Laut Anklage hatte er auf Social Media u.a. ein Erkenntnis des Oö. Landesverwaltungsgerichts, das seine Beschwerde gegen die Ausgangssperre abgewiesen hatte, als "Wiederbetätigung" bezeichnet haben, denn in der Nazizeit hätten Ausgangssperren auch für Juden gegolten. Wer gegen die Coronamaßnahmen verstieß habe eine Verwaltungsstrafe zu erwarten gehabt - wenn man sich den Maßnahmen in der Nazizeit widersetzt habe, sei man im KZ gelandet, veranschaulichte der Staatsanwalt den Geschworenen die von der Anklage gesehene strafrechtliche Relevanz.
Der Verteidiger konterte, das man in der Nazizeit froh hätte sein können, wenn es mehr kritische Geister wie seinen Mandanten gegeben hätte. "Mir ist keine traurigere Zeit eingefallen wie die damalige. Und mir ist klar gewesen, dass wir das niemals vergessen dürfen", erklärte er seine Motivation. Er habe es "als schockierend empfunden", dass Ausgangssperren wie in der Coronazeit auch in der Nazizeit für Juden gegolten hätten. Ob er den Vergleich rückblickend heute noch für angebracht halte, fragte die Vorsitzende. "Wenn ich gewusst hätte, wie es interpretiert wird, würde ich andere Worte wählen", antwortete der Angeklagte. "Es ist eine Interpretation, die nicht in meiner Intention war, als ich es gesagt habe." Er habe "aus dem Bauch heraus" formuliert.
Prozess mit Verspätung
Der Prozess gegen den Mann fand mit etlichen Monaten Verspätung statt. Er war im August des Vorjahres nicht zu seinem Prozess erschienen und untergetaucht. Im Juli 2023 ging er dann der Polizei bei einer spektakulären Verkehrsanhaltung ins Netz: Im Wagen hatte er damals die Leiche seiner Ehefrau, die wenige Stunden zuvor gestorben war, und die gemeinsamen drei Kinder.

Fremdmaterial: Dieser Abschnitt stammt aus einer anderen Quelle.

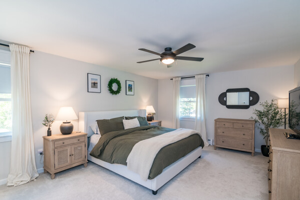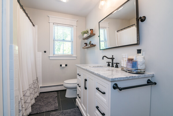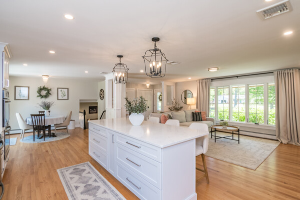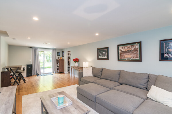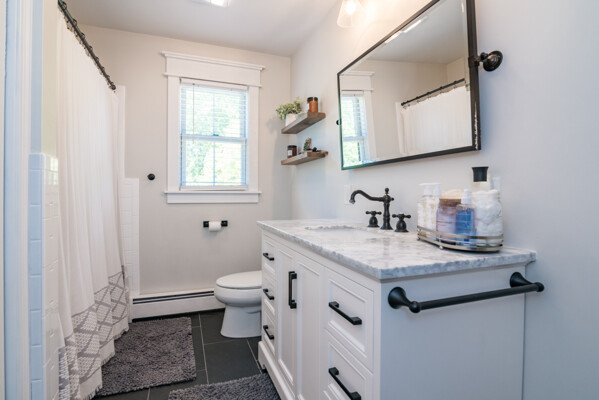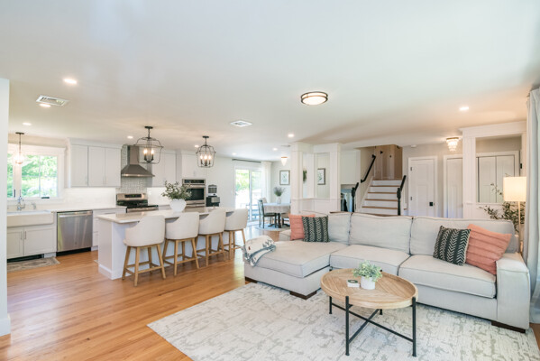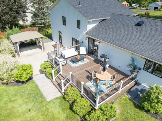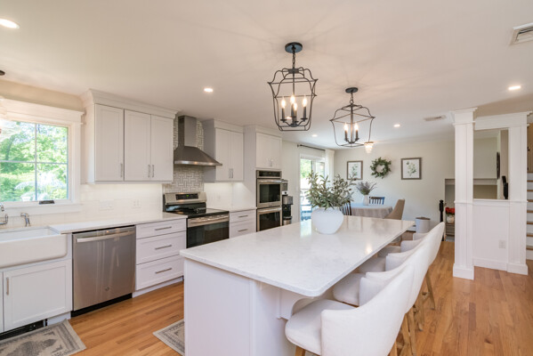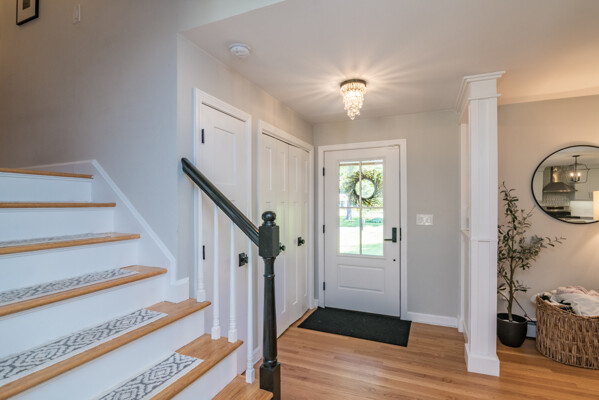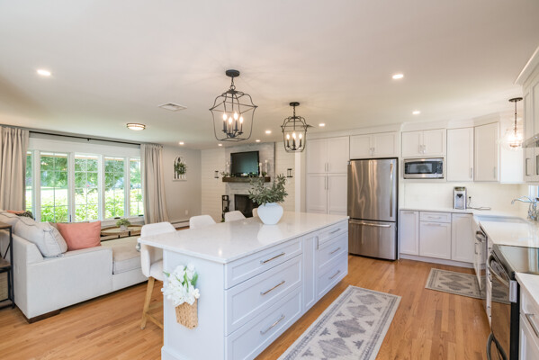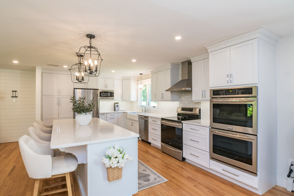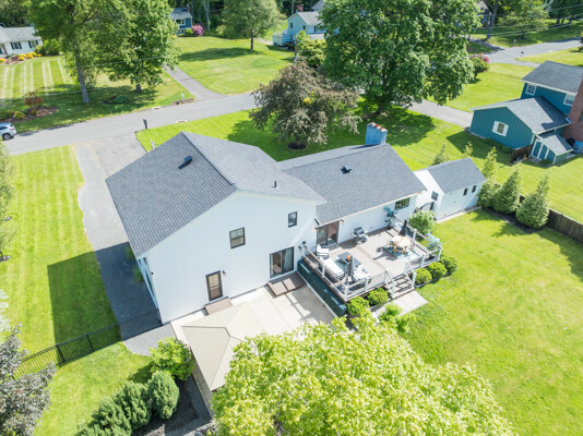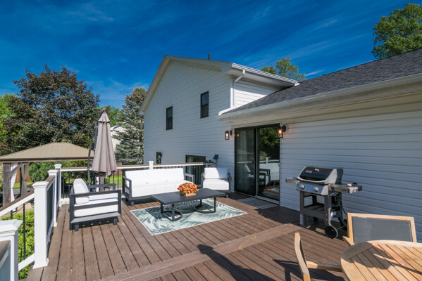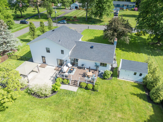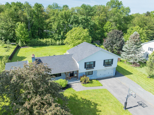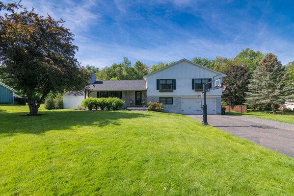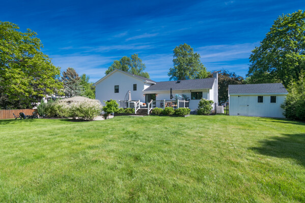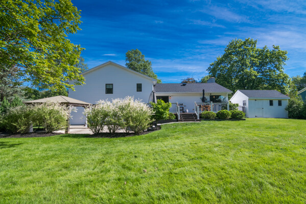 A beautifully remodeled split level with over 2000sqft of living space. The contemporary farmhouse design starts at the front door and extends throughout the home. Stepping through the front entry you are you are greeted with a spacious open concept kitchen, living room and dining area. The chef's kitchen is equipped with 3 ovens, induction cooktop, and large farm sink. The expansive island with gleaming quartz countertop provides a casual dining space. Steps down from the kitchen is large family room with access to the stone patio and sitting area with pergola. Beyond the family room is a convenient mudroom complete with built in storage and a half bath & laundry room. The upper level holds the primary suite, featuring a walk-in closet and updated full bath complete with double sink vanity and walk in shower. Two additional spacious bedrooms and the 2nd full bath round out the upper level. The back yard is an entertainer's paradise! Relax on your spacious deck, patio area featuring pergola, around the fire pit or on the lush lawn! A storage shed adds additional storage space in the fully fenced backyard oasis. DO NOT miss this stunning home!

Ein psychiatrisches Gutachten kam zu dem Schluss, dass der Angeklagte zurechnungsfähig sei. Laut der Sachverständigen Adelheid Kastner weise er eine "querulatorisch-fanatische Persönlichkeits-Akzentuierung" auf, die sich während der Pandemie manifestiert habe. Mittlerweile habe sich der Angeklagte aber von der Holocaustleugnung distanziert und unter dem Eindruck des Todes seiner Frau und der Frage nach der Versorgung seiner Kinder sei auch kein weiteres entsprechendes Verhalten zu erwarten, so Kastners Prognose.

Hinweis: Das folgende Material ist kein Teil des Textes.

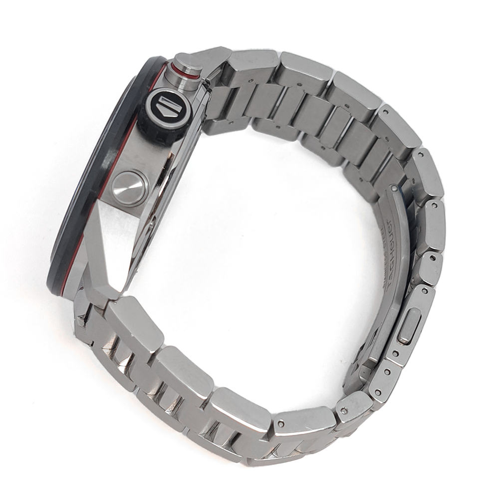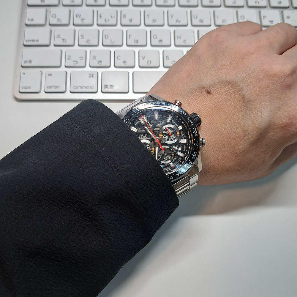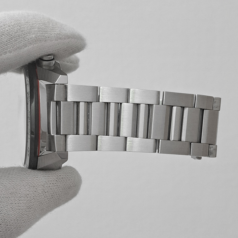 45mmのケースサイズは迫力があり、装着するとずっしりとした重量感も味わえます。ベゼルにブラックセラミックを仕様する事により全体的に引き締まった印象を与えてくれます。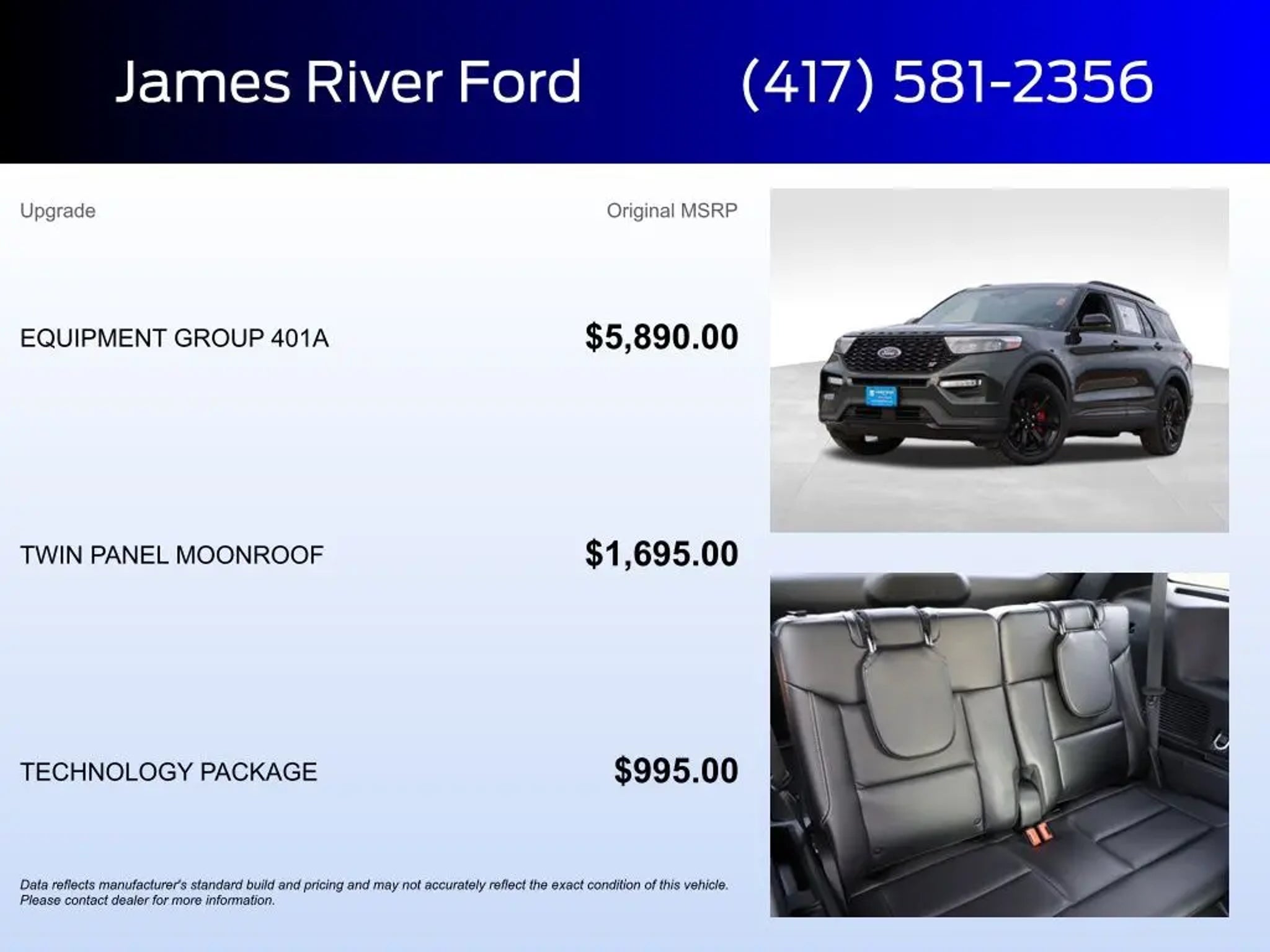 @JamesRiverFORD our local, family-owned dealership is focused on making your online experience the best yet! Located in Majestic Ozark Missouri just off HWY 65 and HWY 14, this 2024 Ford Explorer ST is a CARFAX One-Owner, painted in Forged Green Metallic and is powered by a 4WD 10-Speed Automatic 3.0L EcoBoost V6! This Explorer is built with the following packages: Equipment Group 401A Ford Co-Pilot360 Assist ST High Package ST Street Pack Technology Package In addition, below are upgrades and added options: Twin Panel Moonroof Split folding rear seat Third Row PowerFold (Folds Flat) Ventilated front seats SYNC 3/Apple CarPlay/Android Auto Heated steering wheel Other premium features include 4WD, 10.1 LCD Capacitive Portrait Touchscreen, 110V/150W AC Power Outlet, 2 Additional Speakers, 20 Machined Aluminum w/Painted Pockets Wheels, 360-Degree Camera w/Split View, ABS brakes, Alloy wheels, Auto-Dimming Rearview Mirror (Interior), Compass, Electronic Stability Control, Equipment Group 401A, Evasive Steering Assist, Ford Co-Pilot360 Assist, Front dual zone A/C, Front Parking Sensors, Front Rain-Sensing Wipers, Heated door mirrors, Heated front seats, Illuminated entry, Intelligent Adaptive Cruise Control, Low tire pressure warning, Memory Driver's Seat, Performance Front & Rear Brakes, Power Liftgate, Power Tilt/Telescoping Steering Column, Radio: B&O Sound System by Bang & Olufsen, Remote keyless entry, Reverse Brake Assist, Second Row Heated Seats, Sideview Mirrors w/Gloss Black Caps, Speed Sign Recognition, ST High Package, ST Street Pack, Technology Package, Third Row PowerFold (Folds Flat), Traction control, Universal Garage Door Opener (UGDO), Voice-Activated Touchscreen Navigation System, Wheels: 21 Aluminum, Wireless Charging Pad. At James River Ford, we believe buying a car should be as fun and exciting as driving one! No stress, no boring sales talk"”just great vehicles, great deals, and a team that actually cares. Whether you're looking for a rugged F-150, a head-turning Mustang, or an SUV with room for the whole crew, we've got a huge selection of quality new and pre-owned vehicles"”all priced to move faster than a Mustang on the open road. We proudly serve Ozark, Springfield, Nixa, Branson, Republic, Rogersville, Battlefield, Marshfield, Willard, Strafford, Bolivar, Aurora, Hollister, Clever, Highlandville, Forsyth, and beyond"”bringing big-city deals with small-town service to Southwest Missouri. Why Shop with Us? Huge Inventory "“ From F-150s to Mustangs to the adventure-ready Bronco, we have the Ford you want"”or we'll track it down like a hound on a scent! ðŸ�¶ðŸš— Competitive Pricing "“ No gimmicks, no games"”just real deals on real cars. 💰💨 Top Trade-In Values "“ We'll give you top dollar for your trade"”because your ride deserves some respect! 🚗💵 Flexible Financing "“ Good credit, bad credit, no credit? No problem. Our finance team can work some serious magic. 🎩 Customer-First Service "“ We treat you like family"”the kind you actually like spending time with. ðŸ�¡ðŸš˜ Videos Available on Request! "“ Want a closer look? We'll send a personalized video of any vehicle right to your phone"”like a car commercial made just for you! 🎥📱 No pressure, no hassle"”just great cars, great deals, and a team that's here to make your car-buying experience actually enjoyable. Check out our inventory today and see why people from all over Southwest Missouri trust James River Ford! 🚗💨.

In seinem Schlussplädoyer wies der Staatsanwalt darauf hin, dass man für den angeklagten Paragrafen 3h des Verbotsgesetzes keine nationalsozialistische Gesinnung haben müsse, es gehe einzig um die Verharmlosung des Holocaust. Diese sah er verwirklicht. Verteidiger Arthofer hingegen sagte: "Er hat sich da hertreiben lassen. Er war der Schwurblerkönig, aber er ist kein Holocaust-Verharmloser".